=== Begin Enclosure ===

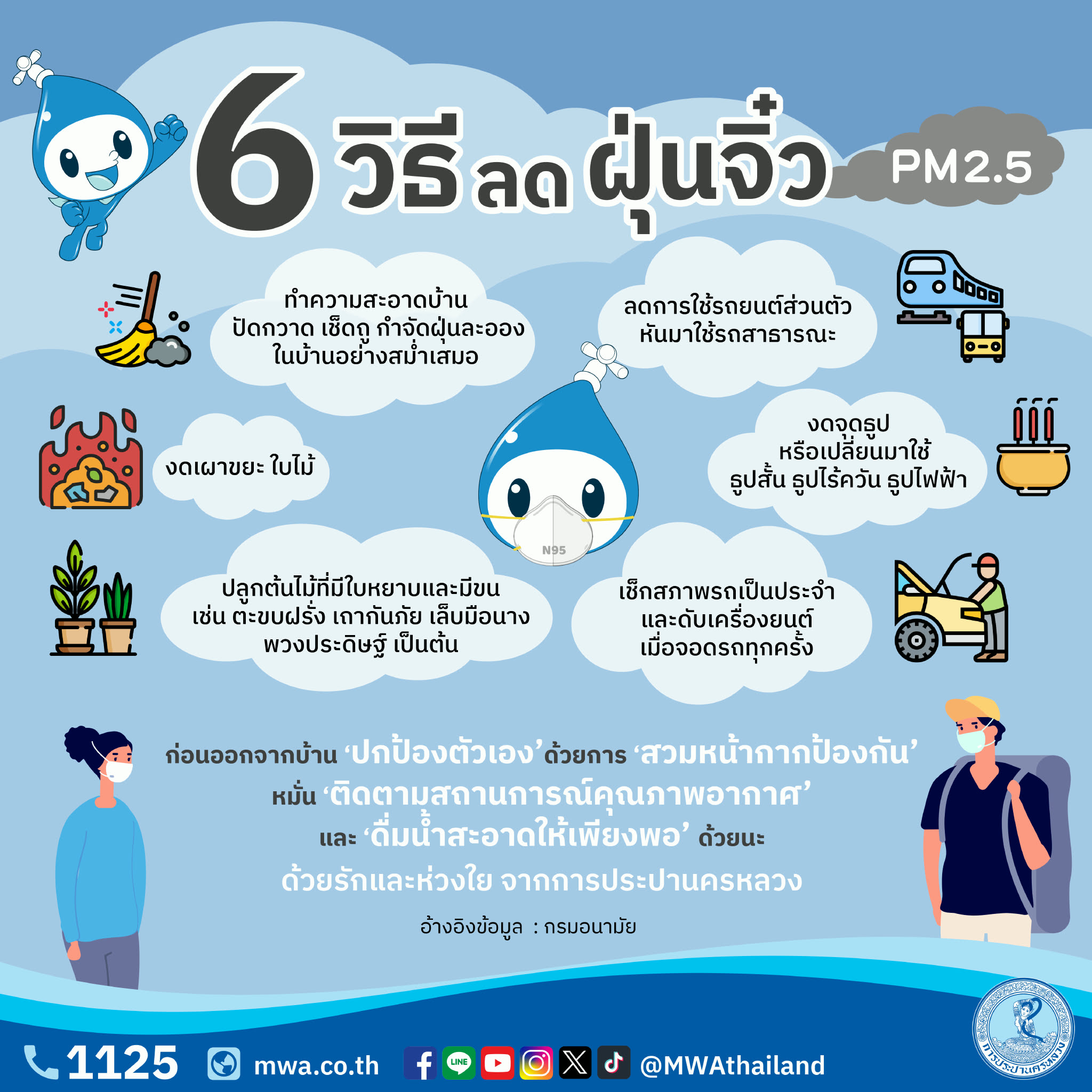 การประปานครหลวง ชี้ ฝุ่นจิ๋ว PM 2.5 อันตรายกว่าที่คิด มาช่วยกันลดฝุ่นเพื่ออากาศที่ดีขึ้นกันเถอะ
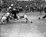 Scott Forney, Ranger quarterback, runs back an intercepted pass against Luling in the 1A title game. Tackling him are Gary Meyer (E2) and Johnny Barnett (E1). Published in Fort Worth Star-Telegram morning edition December 27, 1953.
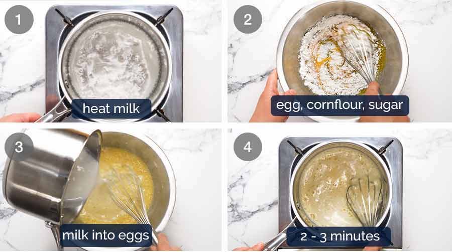 - Whisk egg: Whisk yolks with remaining sugar, then whisk in the cornflour.
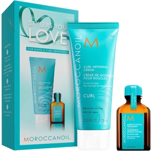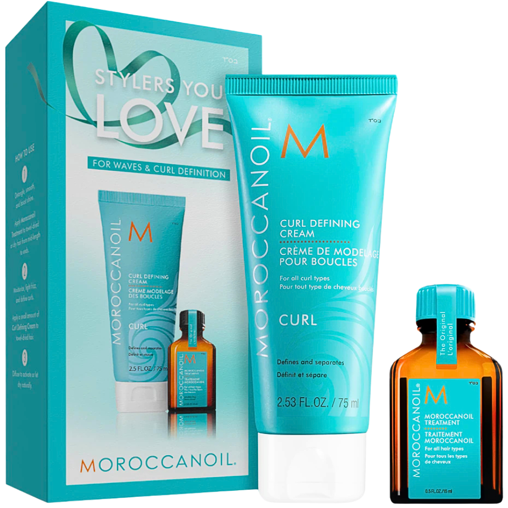 Zestaw Moroccanoil Curl Stylers You Love to kompleksowa pielęgnacja dla włosów kręconych i falowanych. W skład zestawu wchodzi krem definiujący loki oraz kuracja arganowa, które wspólnie zapewniają intensywne nawilżenie, kontrolę nad puszeniem i podkreślenie naturalnego skrętu. Formuły oparte na oleju arganowym i białkach roślinnych wzmacniają włosy, nadając im elastyczność i blask. Produkty nie obciążają włosów, a ich lekka konsystencja sprawia, że są idealne do codziennego stosowania. Zestaw przeznaczony jest dla wszystkich rodzajów włosów kręconych, w tym farbowanych i poddawanych zabiegom chemicznym.
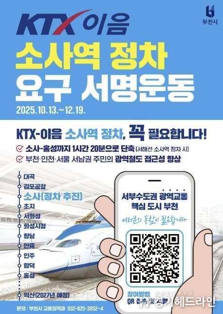 조용익 부천시장은 “KTX-이음 소사역 정차는 단순한 교통 개선을 넘어, 서해선 시대에 부천이 수도권 서남부의 중심으로 도약할 수 있는 계기”라며 “시민의 서명 하나하나가 소중한 힘이 되는 만큼 많은 참여를 바란다”고 말했다.
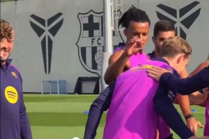 體育資訊10月16日訊 巴薩球員在訓(xùn)練時(shí)列隊(duì)歡迎德容和費(fèi)爾明,并對(duì)他們致以拍頭禮進(jìn)行祝賀。
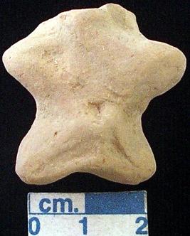 | Description / विवरण | A terracotta archaic human figurine with broken head, red, short out stretched arms, pin hole navel, short wide bridged stumpy legs, treated with red wash, handmade. |
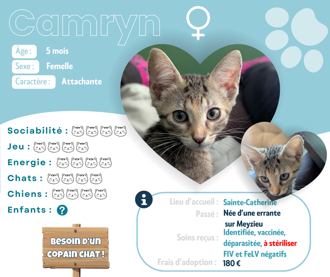 Salut ! Moi c'est Sam. Je suis née aux alentours du 08/05/2025. Je suis la sœur de Clover et de Alex. Je suis la plus courageuse de la fratrie ! J’adore explorer, je suis super curieuse et surtout j’adore les câlins ! Je suis sortie récemment de la rue alors il y a...
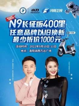 2022年9月10日-11日,河南衛(wèi)視著名主持人苗婷攜全明星團(tuán)隊(duì)聯(lián)合小刀電動(dòng)車共同打造的“航天逐夢(mèng) ? 騎跡中國”小刀長征版全國巡展活動(dòng),將來到古都洛陽,屆時(shí)活動(dòng)在澗西萬達(dá)廣場(chǎng)舉行。
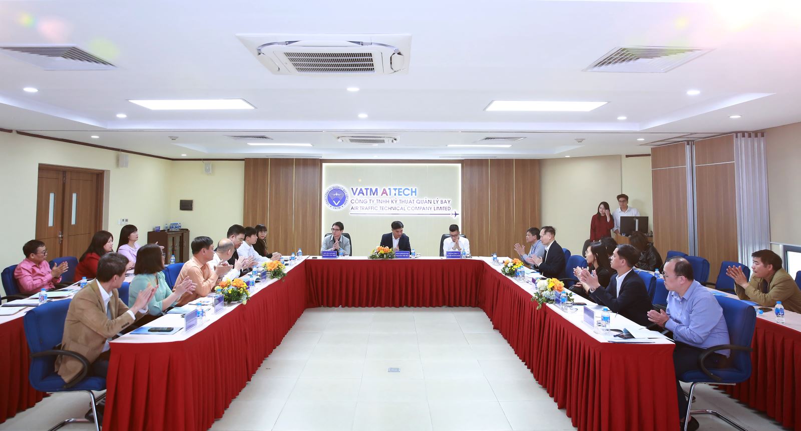 Đại diện các đơn vị trong Khối thi đua 26 ký Giao ước thi đua năm 2026 trước sự chứng kiến của Lãnh đạo Bộ Xây dựng và Lãnh đạo Tổng công ty Quản lý bay Việt Nam. Ảnh: VATM
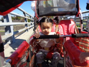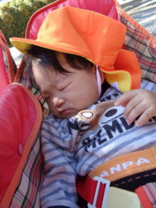 ベビーカーに揺られて気持ちよくなり、寝てしまう子どももいました。
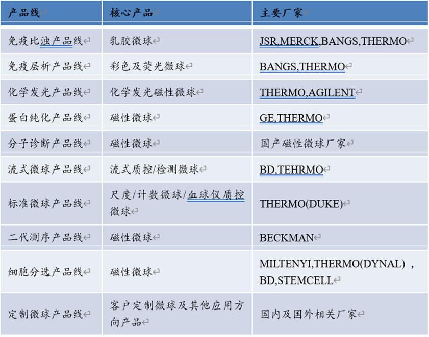来源:智银医药和各公司官网 国内IVD微球市场约17亿,进口品牌绝对主导 2015-2019年我国IVD试剂行业市场规模不断增加中国医疗器械蓝皮书统计数据显示,2018年我国IVD试剂市场规模为604亿元,初步估算,2019年我国IVD试剂市场规模为678亿元。 上游核心原料约占整体市场的10%,其中微球、NC膜等载体系统约占核心原料的25%,那么2019年国内微球等载体系统的市场空间约为17亿元。 全球的IVD市场规模约为714亿美金,按照中国的核心原料占比测算,2019年全球IVD微球的市场空间约为17.85亿美金,折合人民币约为125亿元。 目前国内的IVD领域使用的微球主要以进口产品为主,国产品牌占整体市场不到10%,受制于人的现象非常明显。 从供给端来看,目前国内的微球生产企业多数规模较小,产品质量参差不齐、品牌影响力无法与国际品牌相提并论;从需求端来看,研发型客户主要需求特征是量小质量要求高、产业化客户主要需求特征是有替换动力,但替换周期长。 · 对于研发型企业进口品牌是第一选择,主要原因包括早期微球使用量比较小,药监部门的严格审核,对国产品牌信心不足以及未来销售预期不明确等等。 · 产业化客户由于产品销售体量大,对于微球的替换动力会相对较强。但是对于IVD产品,影响产品终端检测性能的是整个体系,而非某一单一核心原料,微球的替换可能会带来抗体、Buffer等整个体系调整,因此客户在进行微球替换的时候会比较谨慎,考察周期通常较长。 微球在IVD领域具有极为广泛的应用场景 核酸提取主要使用的微球种类包括硅羟基磁珠和oligo磁珠。带有表面基团的磁珠能与检测样本中释放的核酸进行特异性可逆结合。同时利用磁珠自身具备的磁响应能力,在外加磁场的作用下进行定向移动与富集,从而实现对核酸的分离纯化。 磁珠法核酸提取主要的优点包括操作简单自动化、可大批量操作、用时短。 化学发光主要使用的微球种类为羧基磁珠。磁珠法化学发光免疫分析是将磁性分离技术、化学发光技术、免疫分析技术三者相结合的一种分析方法,充分利用了磁性分离技术的快速易自动化优势,化学发光技术的高灵敏度及免疫分析的特异性,是目前IVD市场的璀璨明珠。 根据相关的券商报告数据,2019年中国化学发光市场规模将达到230亿元,未来仍然将以20%以上的行业增速保持较快增长。 侧向免疫层析主要使用的微球种类包括荧光微球和彩色微球。免疫层析主要是基于免疫识别以及抗体标记技术,使待检测物中各组分(抗原、抗体、蛋白质等)通过毛细管作用力的移动速度差异,在反应基质上实现分离的色谱系统。 荧光免疫侧向层析凭借高灵敏度及稳定性,广泛应用于各类指标的POCT检测。 乳胶增强比浊主要使用的微球种类为乳胶微球。胶乳增强比浊技术和普通免疫比浊技术一样,都是通过在反应体系中检测抗原抗体形成的免疫复合物来分析样品中待测物的浓度。 普通免疫比浊技术,由于样品中的抗原其与抗体交联的能力有限,形成的免疫复合物的数量、大小也有限,导至检测敏感性差,检测范围不够宽。 胶乳增强技术是将抗体连接在微小的胶乳颗粒上,当抗原抗体结合形成抗原-抗体-胶乳颗粒复合物,增加了免疫复合物的直径,提高了检测敏感性,也减少了受到其他非特异性反应的影响。 磁珠是高通量测序过程必备产品,通过磁颗粒活性基团在一定条件下可与核酸结合和解离的原理,将样本中目的片段分离。可实现对核酸样本的高通量自动化操作,广泛应用于基因测序以及分子诊断领域。 一种基于两个纳米微球利用单线氧能量的短距离扩散,激发已形成的相邻位点的化学发光反应来测定生物分子的检测技术。 每个发光测定包含两种微球类型:供氧微球和受氧微球,两种微球的表面都修饰了多糖水凝胶,使其非特异性结合和自聚集降低到最小化,并带有大量的活性基团便于和生物分子进行化学偶联。 均相化学发光技术凭借着免清洗、高灵敏度、宽动态监测范围等技术优势,将成为化学发光的发展趋势之一。 液相芯片是基于编码微球和流式技术的一种临床应用型高通量发光检测技术,属于新型生物芯片技术平台,是由微球、探针分子、待测分子、信号系统四部分组成。 在不同荧光编码的微球上进行抗原抗体、酶底物、配体受体的结合反应及核酸杂交反应,通过红、绿两束激光分别检测微球编码和报告荧光来达到定性和定量的目的。 在多联检检测具有独特优势,主要应用肿标、自身疾病、HPV分型等指标的检测。 单细胞测序的关键是单细胞的分离和纯化,目前最常见的分离方法可用MACS磁珠或流式细胞仪进行目的细胞分选和富集。 相较流式细胞的分选方法,MACS磁珠法不受到高压、电荷、减压与剪切力刺激,作用温和不影响细胞的生物功能的完整性,可最大程度保持细胞活性和功能。 即数字ELISA,通过免疫标记的方法,利用抗体捕获和识别抗原,进行信号分子标记或是酶联标记的形式,通过单分子荧光信号检测或单分子酶促反应实现的单分子级别蛋白分子的检测,其检测灵敏度达到fg级别,远超现有的化学发光技术,在新型标志物的发现、微量标本的检测以及神经系统血液检测等领域具有独特优势。 单分子检测体系对所使用磁珠的粒径大小以及均一度有较高的要求。 主要包括标准计数微球和标准尺度微球,主要用于精密仪器的验证和校准,以保证仪器的正
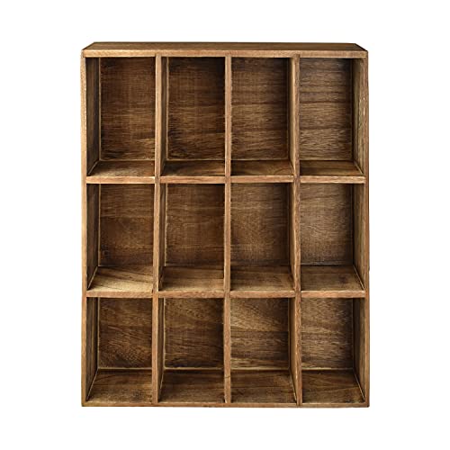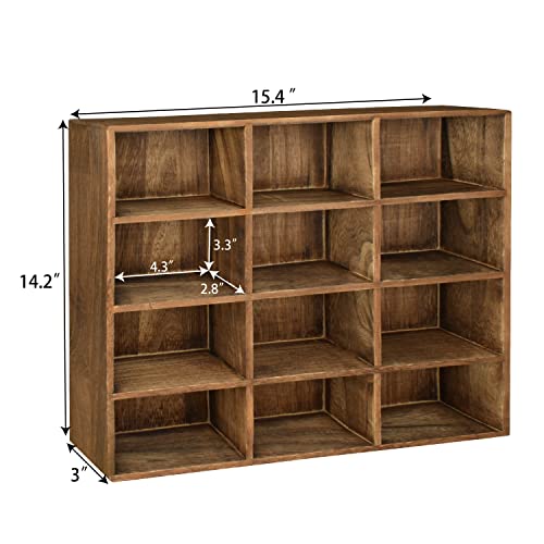 Ikee Design - ايكي ديزاين رف عرض خشبي قابل للتثبيت على الحائط مكون من 12 مساحة تخزين صندوق للظل 15.38 بوصة × عمق 3 ارتفاع 14.13 لون بني ملمع

=== End Enclosure ===

= Aim of the exercise =
Retype only the lines above from the one with "體育資訊10月16日訊 巴薩" through the one with "wash, handmade. |", exactly and with both ends. Images stay out.

= Result of this task =
 體育資訊10月16日訊 巴薩球員在訓(xùn)練時(shí)列隊(duì)歡迎德容和費(fèi)爾明,并對(duì)他們致以拍頭禮進(jìn)行祝賀。
 | Description / विवरण | A terracotta archaic human figurine with broken head, red, short out stretched arms, pin hole navel, short wide bridged stumpy legs, treated with red wash, handmade. |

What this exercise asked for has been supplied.